*Task directions:* When you reach the line containing "HZOHNAGO Mountain Tapestry" in the records below, start copying exactly, and stop once you have copied the line containing "Сорт острого перца".

*Data to examine:*
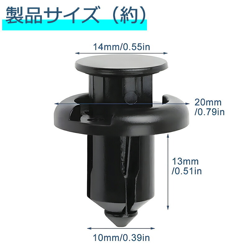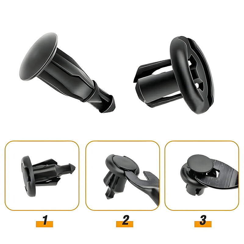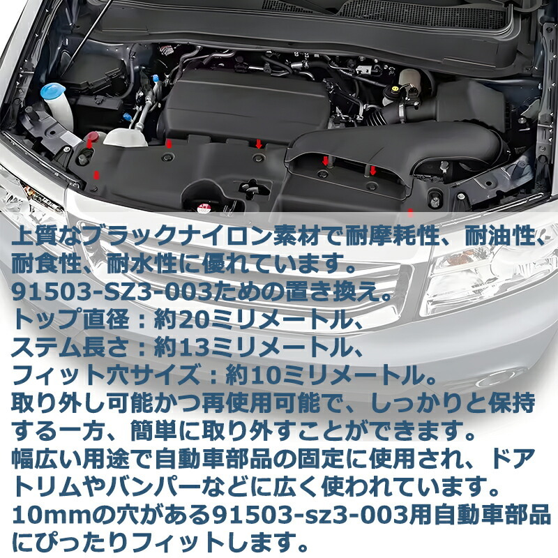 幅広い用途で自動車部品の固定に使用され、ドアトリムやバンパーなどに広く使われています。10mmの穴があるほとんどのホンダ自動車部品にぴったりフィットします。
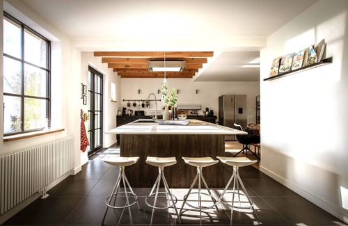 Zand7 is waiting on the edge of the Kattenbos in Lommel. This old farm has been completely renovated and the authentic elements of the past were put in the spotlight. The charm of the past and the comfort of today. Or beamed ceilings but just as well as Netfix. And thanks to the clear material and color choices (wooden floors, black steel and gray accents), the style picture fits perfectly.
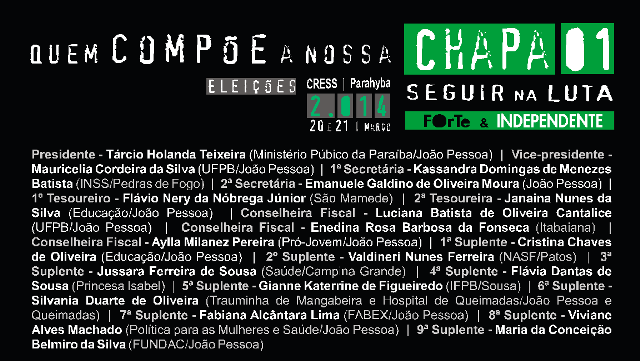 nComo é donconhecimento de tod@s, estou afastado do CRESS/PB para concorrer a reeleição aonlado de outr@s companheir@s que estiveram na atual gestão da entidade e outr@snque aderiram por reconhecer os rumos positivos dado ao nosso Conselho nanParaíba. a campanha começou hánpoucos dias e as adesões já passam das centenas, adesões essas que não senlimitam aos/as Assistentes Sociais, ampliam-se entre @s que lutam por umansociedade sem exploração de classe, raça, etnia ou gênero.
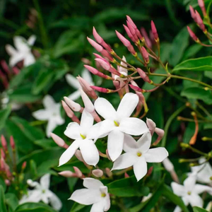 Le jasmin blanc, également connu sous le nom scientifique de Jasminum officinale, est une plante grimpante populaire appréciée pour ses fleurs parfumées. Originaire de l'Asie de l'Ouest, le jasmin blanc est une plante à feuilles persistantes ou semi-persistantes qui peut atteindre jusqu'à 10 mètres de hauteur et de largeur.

* * *

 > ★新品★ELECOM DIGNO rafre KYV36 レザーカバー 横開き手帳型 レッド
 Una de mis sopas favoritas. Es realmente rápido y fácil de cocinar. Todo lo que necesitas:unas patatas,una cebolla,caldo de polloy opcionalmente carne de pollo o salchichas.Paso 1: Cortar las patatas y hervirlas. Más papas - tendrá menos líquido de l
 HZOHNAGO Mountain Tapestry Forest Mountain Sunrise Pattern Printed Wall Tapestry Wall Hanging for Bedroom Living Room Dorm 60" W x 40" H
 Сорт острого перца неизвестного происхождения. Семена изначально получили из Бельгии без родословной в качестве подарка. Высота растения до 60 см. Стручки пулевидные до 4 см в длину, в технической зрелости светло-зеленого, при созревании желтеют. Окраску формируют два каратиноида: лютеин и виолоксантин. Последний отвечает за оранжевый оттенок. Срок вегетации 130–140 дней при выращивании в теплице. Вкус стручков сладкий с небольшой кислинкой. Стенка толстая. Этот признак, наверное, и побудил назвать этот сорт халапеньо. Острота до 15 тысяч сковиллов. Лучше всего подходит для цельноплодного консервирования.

...

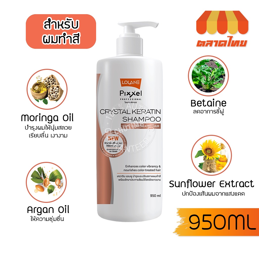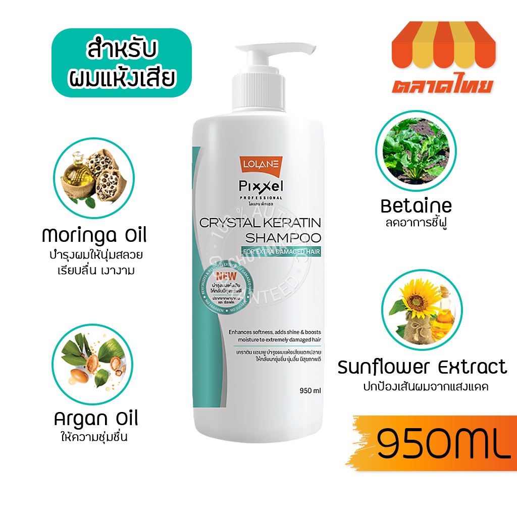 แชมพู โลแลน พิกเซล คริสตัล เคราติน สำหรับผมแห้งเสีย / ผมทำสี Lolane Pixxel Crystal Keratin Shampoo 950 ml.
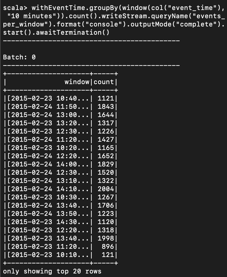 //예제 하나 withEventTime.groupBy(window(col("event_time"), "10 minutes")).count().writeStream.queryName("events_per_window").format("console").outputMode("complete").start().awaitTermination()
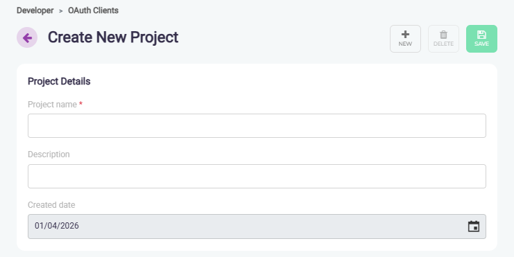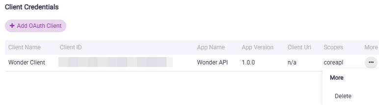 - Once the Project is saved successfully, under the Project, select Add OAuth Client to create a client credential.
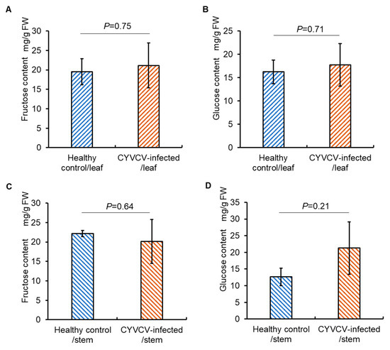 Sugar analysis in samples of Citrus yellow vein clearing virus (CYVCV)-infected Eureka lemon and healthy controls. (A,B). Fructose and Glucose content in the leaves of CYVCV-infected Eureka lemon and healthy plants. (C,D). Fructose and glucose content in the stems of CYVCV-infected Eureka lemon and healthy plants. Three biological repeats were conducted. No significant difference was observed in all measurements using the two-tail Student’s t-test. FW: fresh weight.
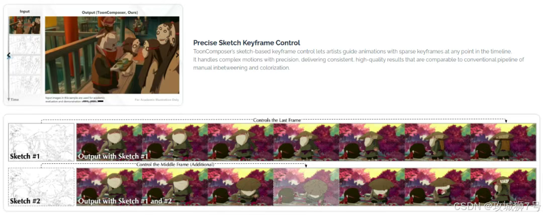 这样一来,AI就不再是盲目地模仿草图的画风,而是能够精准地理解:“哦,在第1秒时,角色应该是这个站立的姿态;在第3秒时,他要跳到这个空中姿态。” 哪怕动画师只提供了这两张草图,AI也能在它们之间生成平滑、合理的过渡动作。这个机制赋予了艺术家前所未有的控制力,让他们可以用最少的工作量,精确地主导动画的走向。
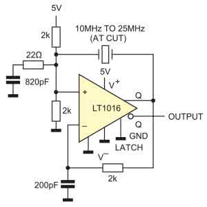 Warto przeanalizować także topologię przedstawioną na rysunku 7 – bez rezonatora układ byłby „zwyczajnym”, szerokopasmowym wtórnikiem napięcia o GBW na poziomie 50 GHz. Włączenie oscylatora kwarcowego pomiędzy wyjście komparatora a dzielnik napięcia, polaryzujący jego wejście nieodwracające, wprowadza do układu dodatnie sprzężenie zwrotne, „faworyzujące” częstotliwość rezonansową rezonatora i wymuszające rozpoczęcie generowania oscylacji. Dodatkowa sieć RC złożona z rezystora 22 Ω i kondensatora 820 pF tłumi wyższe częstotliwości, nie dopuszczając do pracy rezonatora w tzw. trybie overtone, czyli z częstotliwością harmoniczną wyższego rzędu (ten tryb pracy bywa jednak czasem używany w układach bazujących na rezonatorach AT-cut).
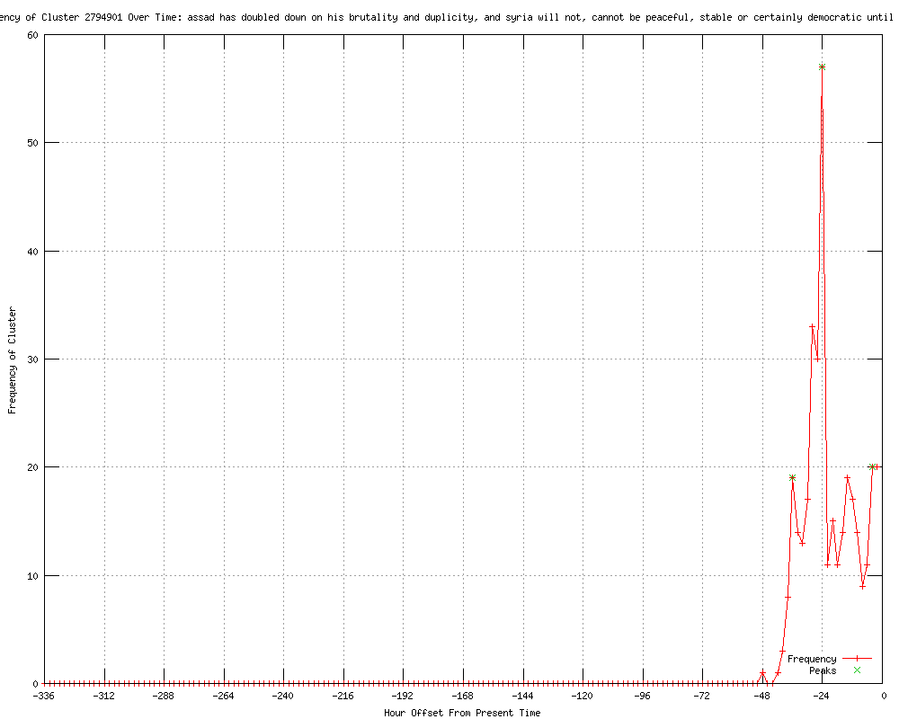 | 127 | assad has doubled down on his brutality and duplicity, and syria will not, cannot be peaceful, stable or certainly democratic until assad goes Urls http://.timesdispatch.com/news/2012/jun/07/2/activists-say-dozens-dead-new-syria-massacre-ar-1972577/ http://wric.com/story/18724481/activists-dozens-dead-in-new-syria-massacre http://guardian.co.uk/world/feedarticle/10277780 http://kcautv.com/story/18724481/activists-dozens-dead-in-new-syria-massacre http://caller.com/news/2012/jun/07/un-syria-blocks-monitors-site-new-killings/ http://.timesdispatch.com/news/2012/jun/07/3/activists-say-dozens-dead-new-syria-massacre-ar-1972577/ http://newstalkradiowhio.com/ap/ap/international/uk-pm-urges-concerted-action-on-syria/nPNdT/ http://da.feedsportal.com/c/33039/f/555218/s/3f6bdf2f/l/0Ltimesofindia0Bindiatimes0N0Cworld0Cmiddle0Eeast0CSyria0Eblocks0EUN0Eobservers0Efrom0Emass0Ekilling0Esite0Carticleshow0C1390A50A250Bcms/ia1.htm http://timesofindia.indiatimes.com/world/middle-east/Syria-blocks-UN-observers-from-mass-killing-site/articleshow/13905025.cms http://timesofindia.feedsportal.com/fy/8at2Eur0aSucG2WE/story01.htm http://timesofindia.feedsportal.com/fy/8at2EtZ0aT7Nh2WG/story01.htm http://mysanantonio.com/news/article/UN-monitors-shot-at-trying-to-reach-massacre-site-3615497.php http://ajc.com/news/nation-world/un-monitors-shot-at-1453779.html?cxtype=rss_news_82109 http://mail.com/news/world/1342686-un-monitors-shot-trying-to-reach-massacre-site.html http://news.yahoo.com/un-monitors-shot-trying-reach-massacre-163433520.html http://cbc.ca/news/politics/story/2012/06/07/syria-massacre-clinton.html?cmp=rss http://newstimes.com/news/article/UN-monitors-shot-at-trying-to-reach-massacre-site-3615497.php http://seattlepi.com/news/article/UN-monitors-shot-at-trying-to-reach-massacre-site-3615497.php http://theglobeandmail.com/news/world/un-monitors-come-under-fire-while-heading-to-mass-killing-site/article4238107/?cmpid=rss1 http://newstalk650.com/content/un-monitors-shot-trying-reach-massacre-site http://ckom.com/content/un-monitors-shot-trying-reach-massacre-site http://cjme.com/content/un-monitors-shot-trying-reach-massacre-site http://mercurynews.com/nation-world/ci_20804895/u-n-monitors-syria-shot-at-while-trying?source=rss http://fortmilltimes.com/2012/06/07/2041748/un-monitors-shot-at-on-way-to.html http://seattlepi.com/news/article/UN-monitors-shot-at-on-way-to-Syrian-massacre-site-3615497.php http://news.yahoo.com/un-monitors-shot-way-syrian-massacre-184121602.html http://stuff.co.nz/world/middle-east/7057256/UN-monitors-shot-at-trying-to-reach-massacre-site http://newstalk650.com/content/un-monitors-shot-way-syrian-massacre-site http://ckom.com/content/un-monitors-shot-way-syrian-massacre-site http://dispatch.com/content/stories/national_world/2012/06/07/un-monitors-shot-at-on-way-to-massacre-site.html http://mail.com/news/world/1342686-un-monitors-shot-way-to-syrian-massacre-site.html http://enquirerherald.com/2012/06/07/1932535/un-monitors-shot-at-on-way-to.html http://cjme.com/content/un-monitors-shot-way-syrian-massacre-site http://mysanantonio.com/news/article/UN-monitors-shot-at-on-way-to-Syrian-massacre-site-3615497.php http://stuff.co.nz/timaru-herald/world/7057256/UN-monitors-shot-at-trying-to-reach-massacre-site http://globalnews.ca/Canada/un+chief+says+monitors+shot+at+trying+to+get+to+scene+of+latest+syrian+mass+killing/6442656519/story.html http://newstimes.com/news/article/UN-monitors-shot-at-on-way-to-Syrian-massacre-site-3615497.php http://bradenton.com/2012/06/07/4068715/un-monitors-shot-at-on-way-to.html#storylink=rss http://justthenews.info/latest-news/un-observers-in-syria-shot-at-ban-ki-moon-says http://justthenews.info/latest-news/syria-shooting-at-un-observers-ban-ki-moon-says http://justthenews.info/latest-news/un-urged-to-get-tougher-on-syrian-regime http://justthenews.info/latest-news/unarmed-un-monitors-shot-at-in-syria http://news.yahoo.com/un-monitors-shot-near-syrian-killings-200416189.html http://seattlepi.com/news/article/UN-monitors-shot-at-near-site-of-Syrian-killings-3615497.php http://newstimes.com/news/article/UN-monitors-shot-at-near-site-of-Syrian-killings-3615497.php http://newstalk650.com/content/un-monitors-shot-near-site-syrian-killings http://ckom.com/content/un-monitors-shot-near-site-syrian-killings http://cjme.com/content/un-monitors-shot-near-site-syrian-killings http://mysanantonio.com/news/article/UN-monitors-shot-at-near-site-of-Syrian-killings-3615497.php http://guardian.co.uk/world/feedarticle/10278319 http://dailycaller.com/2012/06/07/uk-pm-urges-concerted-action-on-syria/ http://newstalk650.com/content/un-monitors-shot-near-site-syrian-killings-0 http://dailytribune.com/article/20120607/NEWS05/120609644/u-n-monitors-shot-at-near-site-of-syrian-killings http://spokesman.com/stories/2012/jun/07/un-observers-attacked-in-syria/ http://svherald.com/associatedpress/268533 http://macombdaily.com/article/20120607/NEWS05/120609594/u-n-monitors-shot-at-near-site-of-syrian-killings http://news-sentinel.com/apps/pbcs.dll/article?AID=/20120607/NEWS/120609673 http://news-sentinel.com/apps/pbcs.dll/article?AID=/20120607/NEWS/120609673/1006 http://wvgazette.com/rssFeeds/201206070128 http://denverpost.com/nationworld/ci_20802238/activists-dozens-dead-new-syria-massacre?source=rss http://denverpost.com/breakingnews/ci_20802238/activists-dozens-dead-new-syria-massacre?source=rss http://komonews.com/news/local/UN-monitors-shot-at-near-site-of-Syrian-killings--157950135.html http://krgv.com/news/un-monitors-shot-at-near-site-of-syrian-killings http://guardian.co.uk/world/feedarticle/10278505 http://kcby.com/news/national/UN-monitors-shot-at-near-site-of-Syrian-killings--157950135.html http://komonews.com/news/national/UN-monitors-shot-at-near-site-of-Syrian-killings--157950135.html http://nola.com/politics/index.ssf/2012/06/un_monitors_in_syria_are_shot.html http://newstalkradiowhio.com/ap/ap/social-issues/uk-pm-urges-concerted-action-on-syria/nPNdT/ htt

*Response area:*
 HZOHNAGO Mountain Tapestry Forest Mountain Sunrise Pattern Printed Wall Tapestry Wall Hanging for Bedroom Living Room Dorm 60" W x 40" H
 Сорт острого перца неизвестного происхождения. Семена изначально получили из Бельгии без родословной в качестве подарка. Высота растения до 60 см. Стручки пулевидные до 4 см в длину, в технической зрелости светло-зеленого, при созревании желтеют. Окраску формируют два каратиноида: лютеин и виолоксантин. Последний отвечает за оранжевый оттенок. Срок вегетации 130–140 дней при выращивании в теплице. Вкус стручков сладкий с небольшой кислинкой. Стенка толстая. Этот признак, наверное, и побудил назвать этот сорт халапеньо. Острота до 15 тысяч сковиллов. Лучше всего подходит для цельноплодного консервирования.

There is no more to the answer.